Alexandria, Egypt

We have finally reached the last tragedy. I cannot tell you how happy I am. Before I can throw a little party, however, we must discuss Antony and Cleopatra.

A synopsis:

Mark Antony is a member of the Roman triumvirate. His wife, Fulvia, was opposing Octavius Caesar while Antony resided in Rome with Cleopatra. When he received word that his wife had died, Antony returned to Rome to make peace with the other members of the triumvirate, promising Cleopatra that he would return. In order to cement an alliance between himself and Octavius, Antony married his fellow leader’s sister, Octavia. Upon hearing this, Cleopatra flew into a rage, but Antony eventually returned to her. Together, they prepared for the war brought on by Octavius attacking Lepidus, the third member of the triumvirate.

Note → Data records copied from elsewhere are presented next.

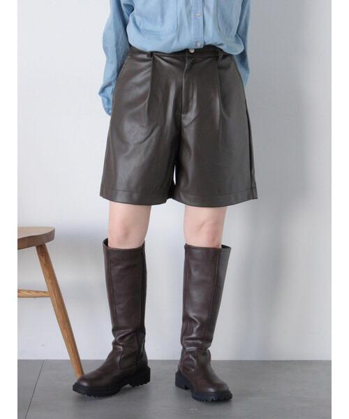 程よい光沢感のあるエコレザーで仕立てられたパンツ。 ハーフ丈のデザインになっており、足元にすっきりとした印象を与えます。 バックのウエストゴム仕様がラクな着心地を実現◎ カットソーはもちろん、ブラウスと合わせたコーディネートもおすすめです。 ※商品画像は、撮影環境やお客様のご利用のPC・スマートフォンのモニター環境などにより実物と色味に差異がある場合がございます。 【その他採寸】 F ウエスト:[後ゴム仕様]62cm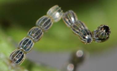 (参考) 孵化直後のサカハチチョウの幼虫(1齢、1.8mm) 2011年5月21日 静岡市葵区中部 産 静岡市駿河区 飼育 卵列から降りてくるときの様子です(上の連続写真(pdf)の最後です)。 トップページへ |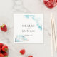 This chic and modern wedding napkin features a white background with splashing waves in turquoise blue and faux/fake gold. Personalize it for your needs. You can find matching products at my store.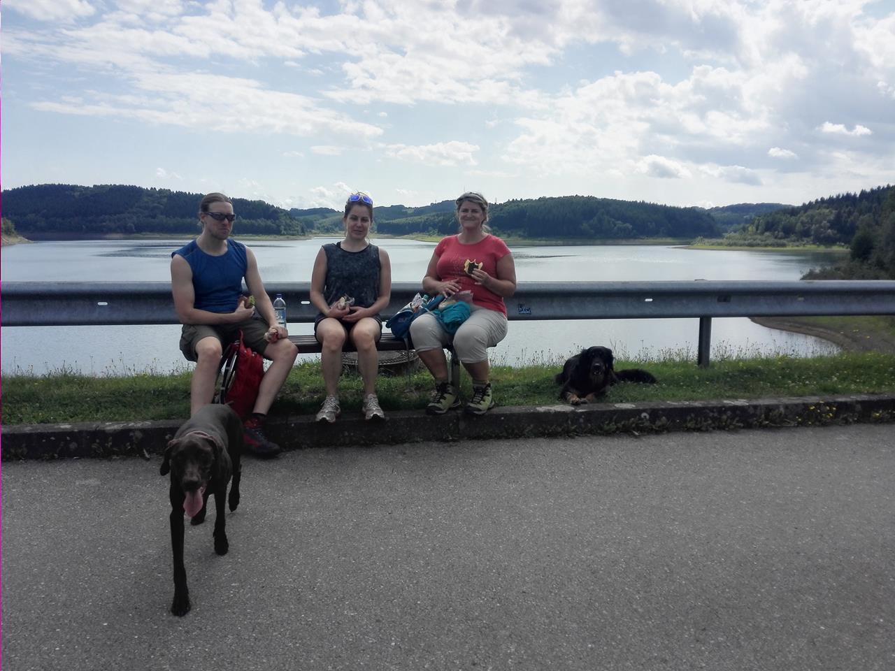 Dort machen wir auf der Hälfte der Tour eine schöne Rast und genießen unsere mitgebrachten Brote. Und die beiden Hunde bekommen natürlich auch etwas ab.

I don’t think i’m spoiling anything by telling you that everyone dies at the end of Antony and Cleopatra. It is a tragedy after all, and what would a quality tragedy be without multiple suicides?

Suicide is a particularly interesting issue in this play because it highlights the main struggle: duty versus passion. Antony’s desires are at odds with his duties, and the conflict is tearing him apart. Egypt is mesmerizing, but his power is in Rome. He desires Cleopatra, and yet, he knows Octavia is the appropriate choice for a wife. As I read, I got the feeling that Antony was at something like a retirement stage in his life. Pleasure is his priority, but he can’t quite get what he wants. He has too many responsibilities. How does this relate to suicide? Well, in Roman culture, suicide was considered honorable if you were sacrificing yourself for duty or to preserve your pride. The Bible’s account of the Roman jailer who was ready to throw himself on his sword because his prisoners had escaped is an accurate depiction of what life was like for members of the Roman military/government. The contrast in reasons for suicide is what shows the struggle between duty and passion. Antony kills himself out of despair, which was not considered honorable, while Cleopatra induces her own death so that she cannot be used by the Roman government, a reason which would have been honorable. Characters feel this struggle between what they want and what they should do even until the very end.

Antony and Cleopatra is also an interesting depiction of love between two older people. Shakespeare wrote much about young love, but seeing these characters experienced in romance is fascinating and different.

As far as adaptations go, there are two which would be fairly easy to find. The first, with Patrick Stewart as Enobarbus in his first television role, was done in 1974. The second was done by BBC in 1981. I have seen neither of these adaptations, but I feel confident in recommending the second at least because BBC did there best to create great visuals for educators. The adaptation presented to us in class consisted of snippets from a ballet, which seemed intriguing. I’ve always wondered what Shakespeare’s work would be like in ballet form, since it eliminates the blank verse that has made his so popular.

Overall, Antony and Cleopatra was good, better than some of the tragedies we read when compared by general sadness. It also contained quite a bit of history that was fun to work in with Shakespeare’s dramatic touches.